The engraving layer is preferably cured by means of UV irradiation
prior to the application of the base layer. If the base layer (or
an optional intermediate layer, see below) is subsequently cured by
means of irradiation with electrons, the result is a firm bond
between the UV-cured lacquer and the electron-beam-cured lacquer,
with high interlaminate adhesion.
The properties of the laser-inscribable film, e.g. high resistance
to mechanical, physical and chemical effects, are good and similar
to those of conventional laser films. However, in contrast to the
production of the multilayer label described at the outset, there
is no need for any complicated coating procedure using a multiroll
system. Instead of the UV flexographic printing process, it is also
possible to use other commonly used printing techniques in order to
apply the engraving layer to the supportive backing film.
In one advantageous embodiment of the invention, the engraving
layer is applied by printing over the entire surface. The engraving
layer here may be of one color, in which case there is preferably
strong color contrast with respect to the color of the base layer
or of an intermediate layer (see below). In this case, the design
of the laser-inscribable film is similar to that of the
conventional multilayer label. The film can be inscribed with the
aid of a laser (e.g. a Nd:YAG laser or a CO.sub.2 laser), by
ablating the engraving layer in certain places; if there is strong
color contrast between the engraving layer and the layer situated
thereunder, the legibility of the inscription is particularly
good.
However, the engraving layer may also be applied by printing in two
or more colors over the entire surface, because the printing
techniques for applying the engraving layer are versatile. By way
of example, there may be two, or more than two, contrasting colors
which run longitudinally on the laser-inscribable film, i.e. in
that direction in which the engraving layer is applied by printing.

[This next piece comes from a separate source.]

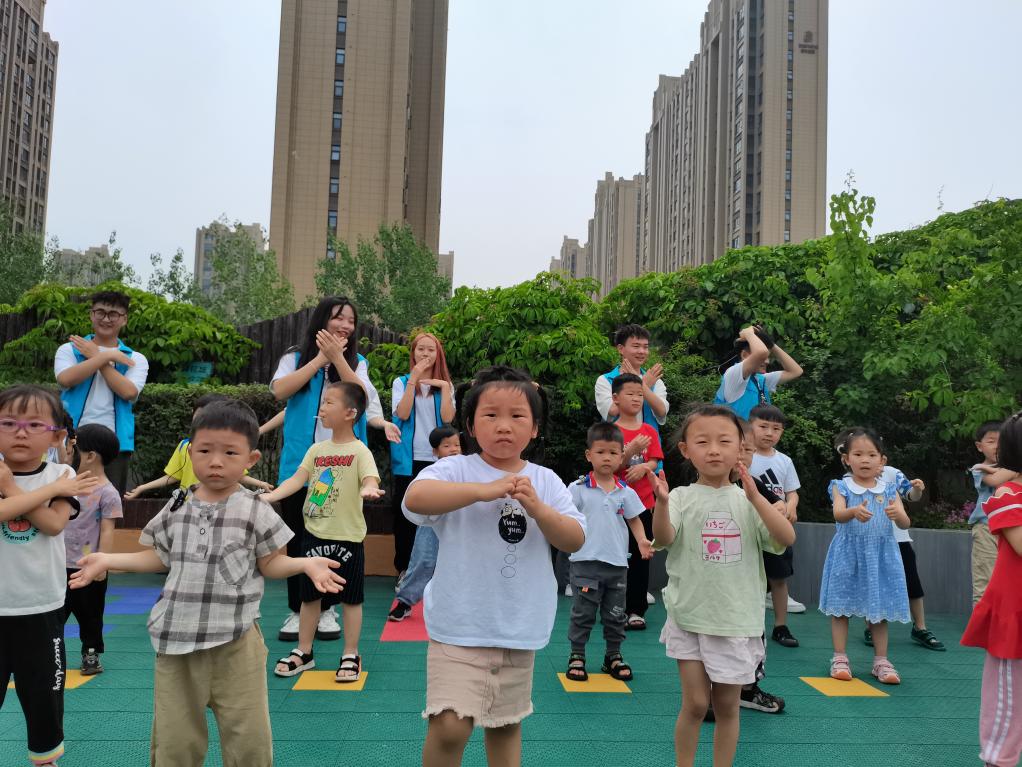 活动现场,志愿者为孩子们带来了啦啦操、魔术等表演,孩子们也表演了手语舞,期间还进行了互动游戏,志愿者与小朋友们一起合作,共唱一首歌曲《谢谢你》......大家一起唱歌跳舞,一起做游戏,现场氛围其乐融融。

Another example is given by different contrasting colors which are
applied by printing in the transverse direction of the film, in the
form of a registering pattern at a prescribed interval. In this way
it is possible to generate, within a label set cut to size from the
laser-inscribable film, differently colored labels. In principle,
other colored designs are also possible for the engraving layer,
and extend as far as individualizing identification markings as
desired by the customer, e.g. logos or specific inscriptions
provided in the engraving layer. The method of laser-inscription
here can be as for a single-color engraving layer, via ablation of
the engraving layer. In the case of the conventional multilayer
labels, a multicolor design is possible only at great cost.
In another advantageous embodiment of the invention, the engraving
layer is applied by printing over part of the surface. One example
is given by an individualizing logo which is applied by printing in
a prescribed color (preferably with strong color contrast with
respect to the base layer or intermediate layer) at prescribed
intervals onto the supportive backing film. This is a technically
simpler and less costly process than that where the engraving layer
is applied by printing over the entire surface, thereby requiring
the provision of a lacquer of a different color at the locations
between the individual logos.
This version of the process is particularly suitable for an
embodiment in which, after the engraving layer has been applied by
printing and before the base layer has been applied, an
intermediate layer is applied and preferably comprises a pigmented
electron-beam-curable lacquer. There is preferably a color contrast
between the intermediate layer and the base layer. Prior to
inscription of the film, the intermediate layer completely covers
the base layer, and an engraving layer applied by printing over
part of the surface is visually distinguishable from the
intermediate layer. For inscription with the aid of a laser, the
intermediate layer is ablated at certain locations, where
appropriate together with those parts of the engraving layer
situated at the location concerned. The base layer thus becomes
visible.
The electron-beam-curable lacquer is preferably cured in a single
operation and thus crosslinked with the engraving layer, not only
in embodiments in which a base layer alone is present but also in
embodiments in which a base layer and an intermediate layer are
applied. The energy dose here from the irradiation with electrons
is preferably in the range from 50 kGy to 150 kGy, and the energy
of the electrons is preferably in the range from 200 keV to 500
keV. A doctor may be used to apply the base layer and/or the
optional intermediate layer prior to curing.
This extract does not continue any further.